The Company’s management carried out an evaluation of the effectiveness and design and operation of disclosure controls and procedures (as defined in Rule 14a-15(e) under the Exchange Act) as of December 31, 2007.  Based upon the evaluation, the Company’s principal executive officer and principal financial officer believe that the Company’s disclosure controls and procedures were designed to provide reasonable assurance of achieving their objectives and were effective as of December 31, 2007.

 
5.
We note your disclosure that “There have not been any changes in the Company’s internal control (as defined in the Exchange Act Rule 13a-15(f) of the Securities Exchange Act) during the quarter ending December 31, 2007, that have materially affected or are reasonably likely to materially affect its internal control over financial reporting except for the changes as noted below.”  Revise to state clearly, if correct, that there were changes in your internal control over financial reporting that occurred during this quarter that have materially affected, or are reasonably likely to materially affect, your internal control over financial reporting.

Company Response:

The changes described in the disclosure on Page 41 were specific examples of improvements the Company made to illustrate that affirmative steps were being taken to continually improve aspects of the Company’s system of internal controls, however, in management’s opinion, these changes did not rise to the level of “materially affected.”

The Company agrees to comply with the SEC Staff’s comments in all future filings.
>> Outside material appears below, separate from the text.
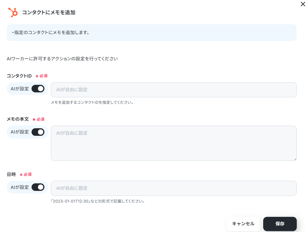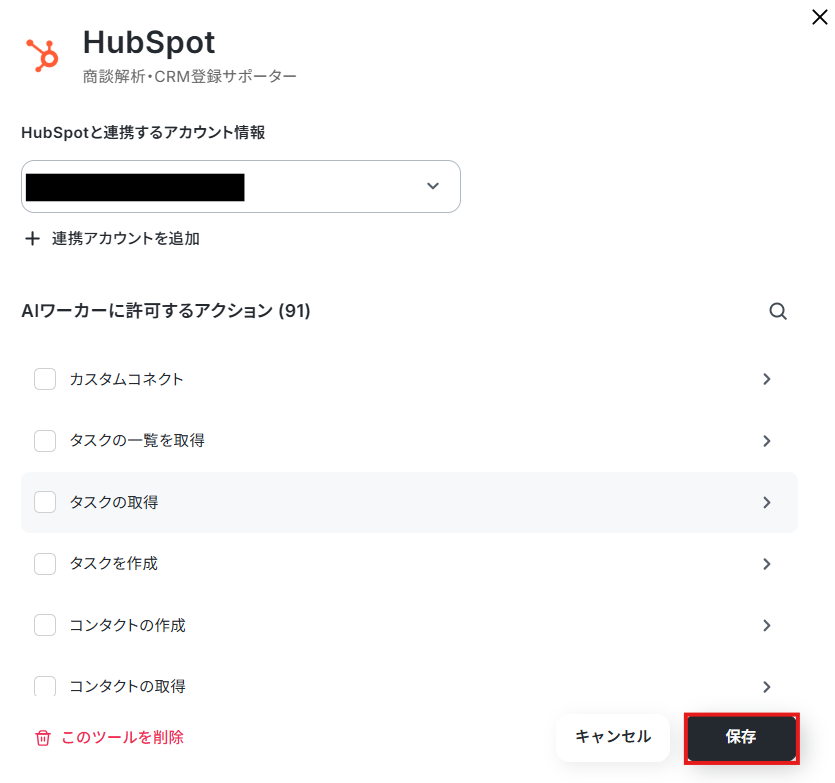 例えば、カスタマイズオブジェクトのレコードにメモを追加する場合、AIワーカーの「使用ツール設定」において、HubSpotの「カスタムオブジェクトのレコードにメモも追加」を選択する必要があります。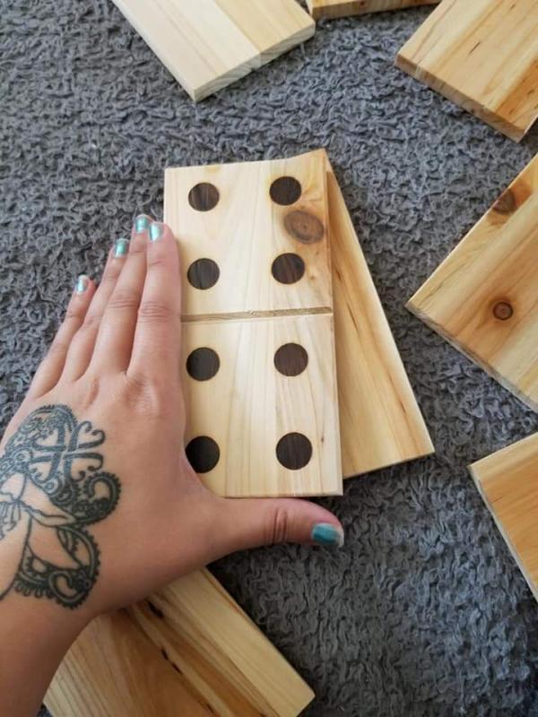 I got these awesome giant dominoes for camping and they are perfect for the outside game night. The smell of them is amazing they smell like they have been freshly cut from the wood. They come in a handy keepsake bag and they just make the game a lot more fun with there giant size with a family of 6 I need a bit more than 24 dominoes to play a big competitive game but we had A lot of fun as it is. Definitely a great game and could be a great gift for the outdoorsy person

An example of suggested revision for future filings (highlighted below):

(c) Changes in internal control.  There have not been any changes in the Company’s internal control (as defined in the Exchange Act Rule 13a-15(f) of the Securities Exchange Act) during the quarter ending December 31, 2007, that have materially affected or are reasonably likely to materially affect its internal control over financial reporting.  The Company seeks to continually improve aspects of its system of internal controls as noted below.


Signatures

 
6.
Please provide the signature of your controller or principal accounting officer.  See General Instruction D(2) to Form 10-K.

Company Response:

The Company’s former Chief Accounting Officer, Michael A. Schott, resigned in May 2007, and the new Chief Accounting Officer, Mark Hess, did not join the Company until April 2008.  During the interim period, the Chief Financial Officer Scott McCurdy performed the functions of both the principal financial officer and principal accounting officer.
 
The Company agrees to comply with the SEC Staff’s comments in all future filings.

Page 4

 

 
Certifications by CEO and CFO Pursuant to Rules 13a-14(a) and 15d-14(a)…, exhibits 31.1 and 31.2

 
7.
In future filings, please match the exact form set forth in Item 601(b)(31) of Regulation S-K.  For example, we note that a comma was omitted in paragraph 4(b) and the word “the” was omitted from Paragraph 5 in both certifications.

Company Response:

The Company agrees to comply with the SEC Staff’s comments in all future filings.

 
Definitive Proxy filed June 24, 2008

 
8.
Please confirm in writing that you will comply with the following comments in all future filings.  Provide us also with examples of the disclosure you intend to use.  Please understand that after our review of your responses, we may raise additional comments.

Company Response:

The Company agrees to comply with the SEC Staff’s comments in all future filings.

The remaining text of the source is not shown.